What is the value of \[{\left( {A \times B} \right)^2} + {\left( {A \cdot B} \right)^2}\] ?

Answer 1

Hint: To solve this question, one must know about the concept of cross (vector) and dot (scalar) products.Here, in this question firstly we have calculated both the values of \[{\left( {A \times B} \right)^2} + {\left( {A \cdot B} \right)^2}\] separately and at last added both the obtained value and hence in this way we got our required solution.

Complete step by step answer:
Two vectors $A$ and $B$ are given above. And to solve two vector product we do,
$A \times B = \left| A \right|\left| B \right|\sin \theta $
So, calculating, \[{\left( {A \times B} \right)^2}\] we will get,
${A^2}{B^2}{\sin ^2}\theta $
And two vectors $A$ and $B$ are given above. And to solve two scalar product we do,
$A \cdot B = \left| A \right|\left| B \right|\cos \theta $
So, calculating, \[{\left( {A \cdot B} \right)^2}\] we will get,
${A^2}{B^2}{\cos ^2}\theta $

Now, as per question we have to add both the obtained value, so adding we will get,
${A^2}{B^2}{\sin ^2}\theta + {A^2}{B^2}{\cos ^2}\theta $
Now on further solving,
${A^2}{B^2}{\sin ^2}\theta + {A^2}{B^2}{\cos ^2}\theta = {A^2}{B^2}\left( {{{\sin }^2}\theta + {{\cos }^2}\theta } \right) \\ $
And we know that the value of ${\sin ^2}\theta + {\cos ^2}\theta = 1$
${A^2}{B^2}\left( {{{\sin }^2}\theta + {{\cos }^2}\theta } \right) = {A^2}{B^2} \\ $

Therefore, the value of \[{\left( {A \times B} \right)^2} + {\left( {A \cdot B} \right)^2}\] is ${A^2}{B^2}$.

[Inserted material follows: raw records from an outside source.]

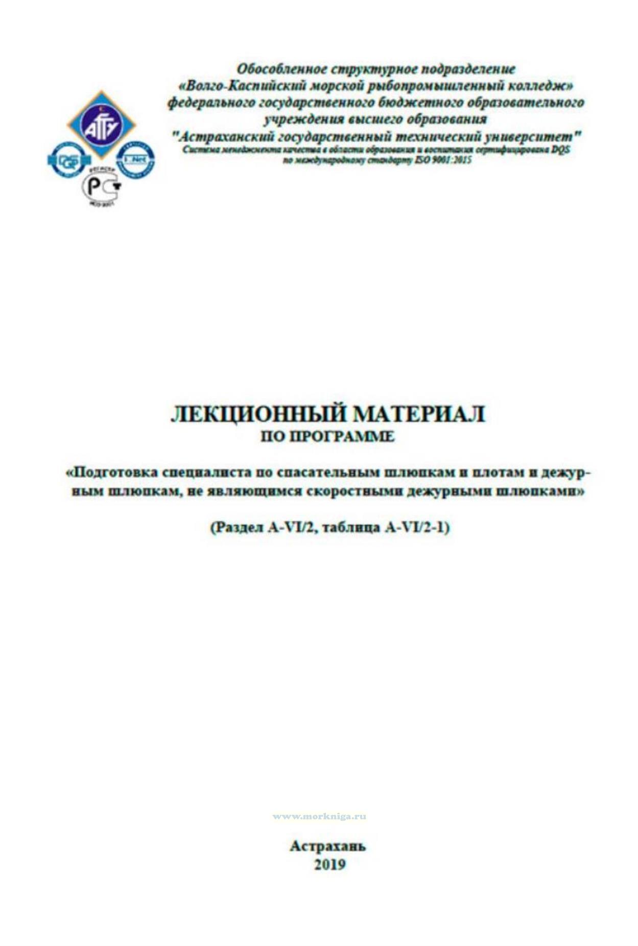 Программа подготовки «Специалист по спасательным шлюпкам, спасательным плотам и дежурным шлюпкам, не являющимися скоростными дежурными шлюпками» содержит обязательные минимальные требования для дипломирования специалистов по спасательным шлюпкам, спасательным плотам и дежурным шлюпкам, не являющимися скоростными дежурными шлюпками как определено в Правиле VI/2 МК ПДНВ 78 с поправками. Компетентность, в соответствии со спецификацией, представленной в таблице А-VI/2-1 Кодекса ПДНВ, должна быть достаточной для выполнения спуска и командования спасательной шлюпкой, спасательным плотом или дежурной шлюпкой в аварийных ситуациях, а также управления шлюпкой на вёслах, под механическим двигателем, использования надувного спасательного плота.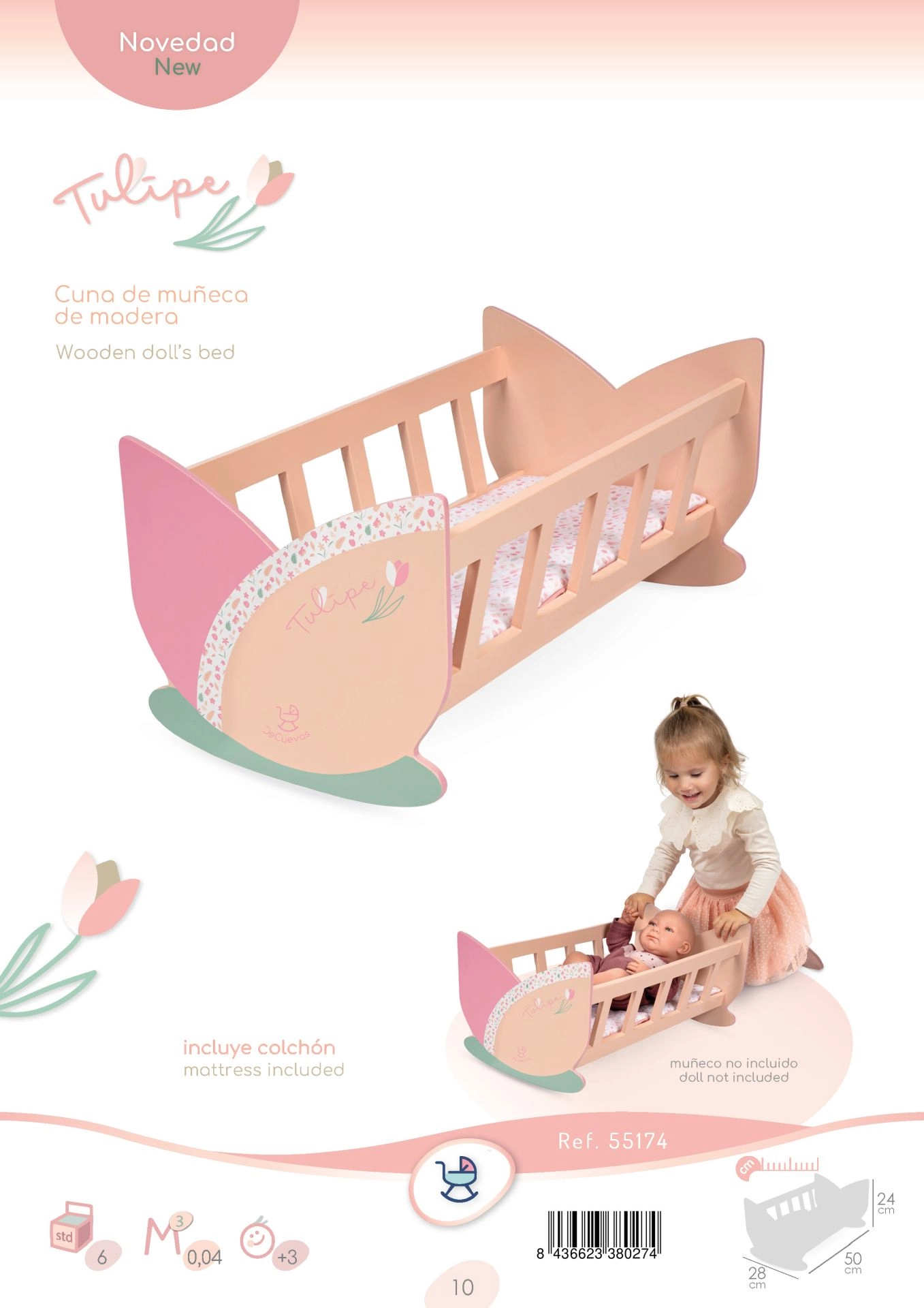 Šūpulītis iepakots kolekcijas krāsu kastē un iepriecinās katru mazo leļļu mammu, kas novērtē skaistu spāņu dizainu un uzmanību detaļām.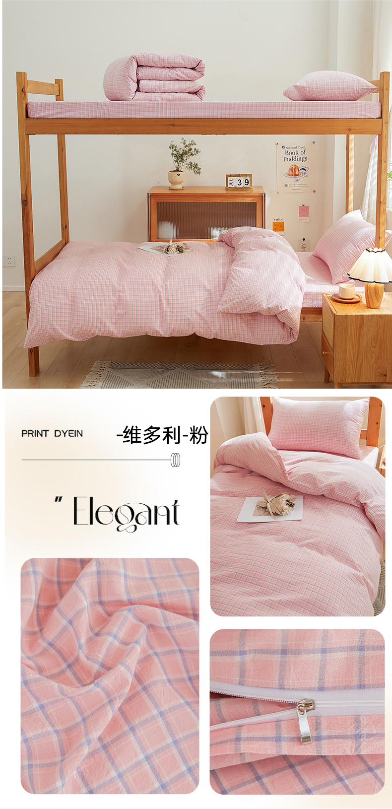 商品名称:棉小二 2024新款全棉水洗棉学生宿舍三四件套 维多利-粉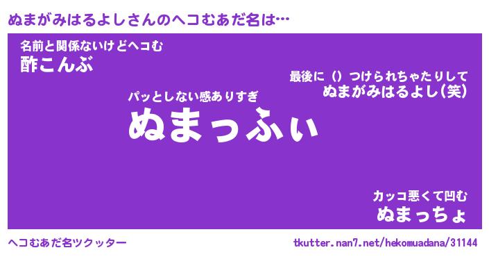 | 2回繰り返すあだ名 | 『ぬまぬま』『ぬぬまま』『ぬめぬめ』 |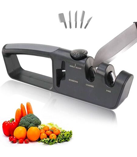 AIGUISEUR - Cet aiguiseur de couteaux et ciseaux est un indispensable pour votre cuisine. Il permet d'aiguiser tous vos couteaux, qu'ils soient en acier ou en céramique, et vos ciseaux à la perfection. Il a été conçu avec 4 fentes d'aiguisage : 3 fentes contiennent 3 matériaux spécifiques pour prendre soin de vos lames de couteau et 1 fente pour l'aiguisage des ciseaux. 3 ÉTAPES - Les 3 premières fentes correspondent à 3 étapes d'aiguisage des couteaux : la première fente diamantée prépare la lame en corrigeant les bords endommagés avant l'affûtage. La deuxième fente en carbure de tungstène aiguise la lame. La dernière fente en céramique polit la lame pour une finition optimale. Ces 2 dernières étapes ne conviennent pas aux lames céramiques ! Cela pourrait les briser dans le pire des cas. SÉCURITÉ - La manipulation et l'aiguisage de couteaux peut être dangereux, c'est pour cela que l'aiguiseur """"samouraï"""" a été désigné avec une garde entre votre main et les fentes d'aiguisage ...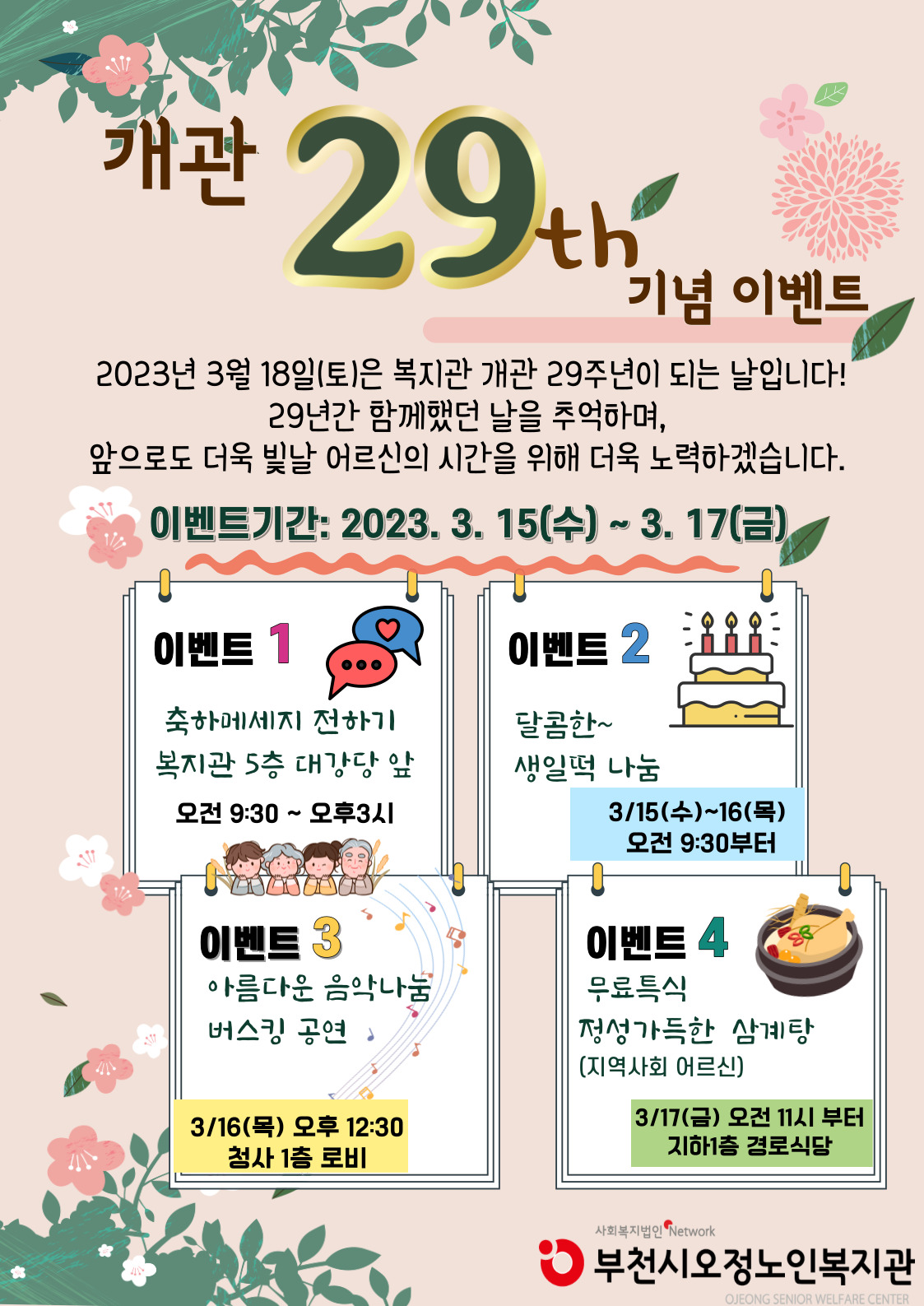 복지관 개관29주년을 맞이하여 3/15(수)~3/17(금) 이벤트가 진행됩니다.

Note: Remember that the value of ${\sin ^2}\theta + {\cos ^2}\theta = 1$ .
When two vectors are scalarized, you get a number or a scalar. When it comes to identifying energy and work relationships, scalar products come in handy. The labour done by a Force (which is a vector) in displacing (a vector) an object is represented by the scalar product of Force and Displacement vectors, which is an example of a scalar product. The vector product, also known as the cross product of two vectors, is a new vector with a magnitude equal to the sum of the magnitudes of the two vectors plus the sine of the angle between them.According to the right-hand screw rule or right-hand thumb rule, the product vector is perpendicular to the plane containing the two vectors.